The professional model Marianna Bustamenta stars in all three pictures. Alternatively standing and seated, Bustamenta’s various bodily arrangements are adorned with accessories that signify “Spanish” to an American audience: a black choker, castanet, flower-adorned hair, and a vibrant red shawl, which itself becomes an alternative subject of these pictures. Identified by my former colleague Dr. Mei Mei Rado (Bard College of Art and Design) as a Mantón de Manila, so named because this Chinese-made shawl was exported for a Western market via the Manila-Acapulco Galleon trade, established by the Spanish after colonizing both Mexico and the Philippines. (You can see an example below from LACMA’s collection). While Henri’s shawl may well have been bought by the artist in Madrid, it makes another appearance in a later studio picture of Henri’s from 1909, this time the explicit subject of the painting.

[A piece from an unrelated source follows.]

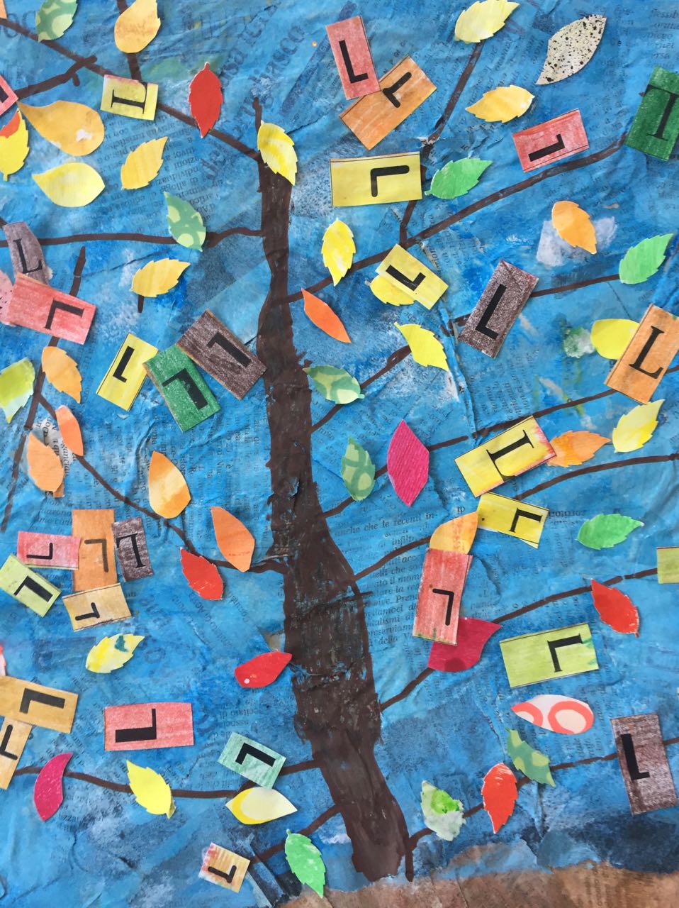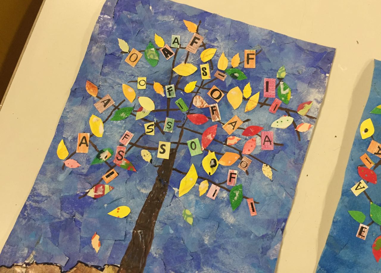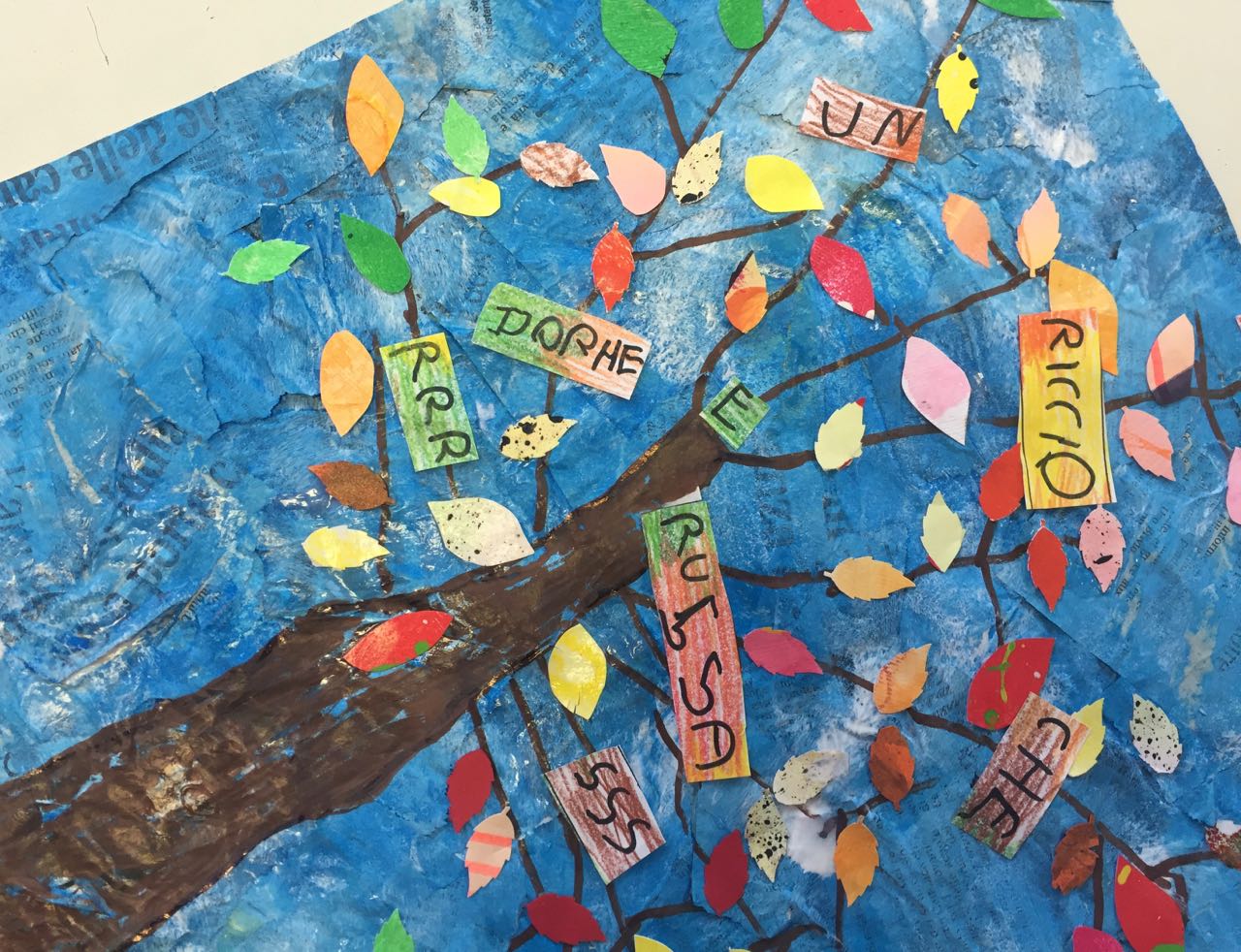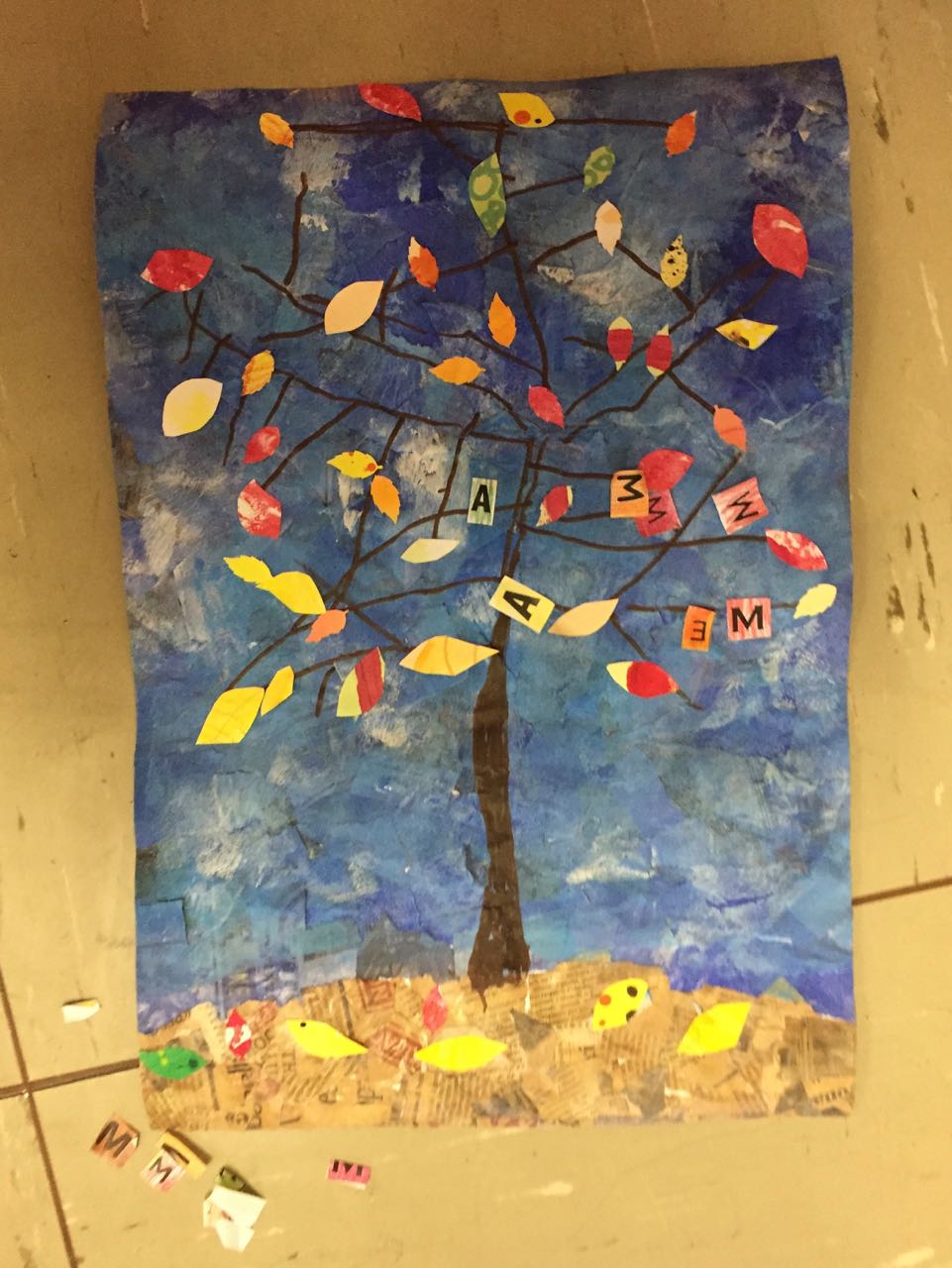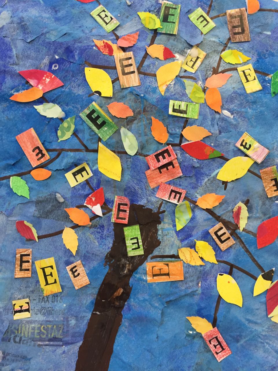 5. Incolla quindi le lettere del proprio nome sull’albero.
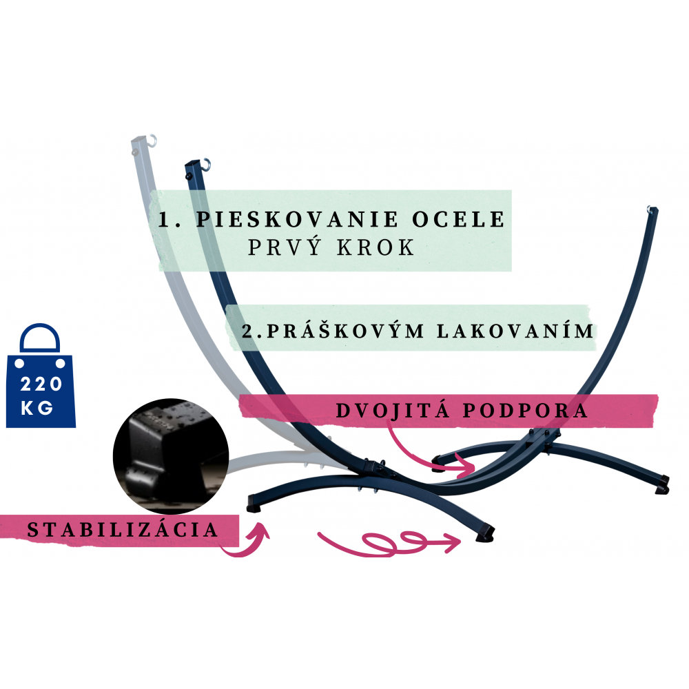- Piciorul este plasat pe picioarele profilului pentru a proteja podeaua pe care se află cadrul, pentru a crește stabilitatea în timpul utilizării hamacului și, de asemenea, pentru a proteja capetele profilului de deteriorare. Piciorul nostru este conceput pentru a oferi un suport ideal pentru cadru. Piciorul patentat și proprietar al designului nostru, are o suprafață de contact de până la 4x5 cm. Acest lucru este incomparabil mai mult decât cadrele de la alte companii, care se sprijină doar pe vârful profilului.

Not long after the painting’s completion in 1904, Henri chose Spanish Dancer - Sevillana, to be displayed in several prominent contemporary exhibitions on the East coast and in the South. This included the Society of American Artists exhibition and the Carnegie international, both in 1905, a touring exhibition in the American south in 1906, and the Pennsylvania Academy of Fine Arts and the New York School of Art exhibition in 1907. In addition to the critical acclaim the painting garnered along its tour, where, for example its “drama” and “brilliance” was compared to that of John Singer Sargent’s masterful El Jaleo (1882), Sevillana also remained one of Henri’s favorite paintings. And yet despite its attention and the tangible effect it had toward Henri’s positive reception, the painting went unsold during the artist’s lifetime, remaining in the family’s estate until its purchase by the Levys. Now, as an official part of the museum’s collection and with its display anticipated in the new David Geffen Galleries, this magnificent gift will become a new touchstone for the broader LACMA community.
1. Robert Henri, The Art Spirit: Notes, Articles, Fragments of Letters… Comp. Margery Ryerson (New York: 1923), 217–18.
2. For more reading on Henri and his relationship to Spain and Spanish culture, See Spanish Sojourns: Robert Henri and the Spirit of Spain, Ed. Valerie Ann Leeds and Courtney A. McNeil (Savannah, GA: 2014).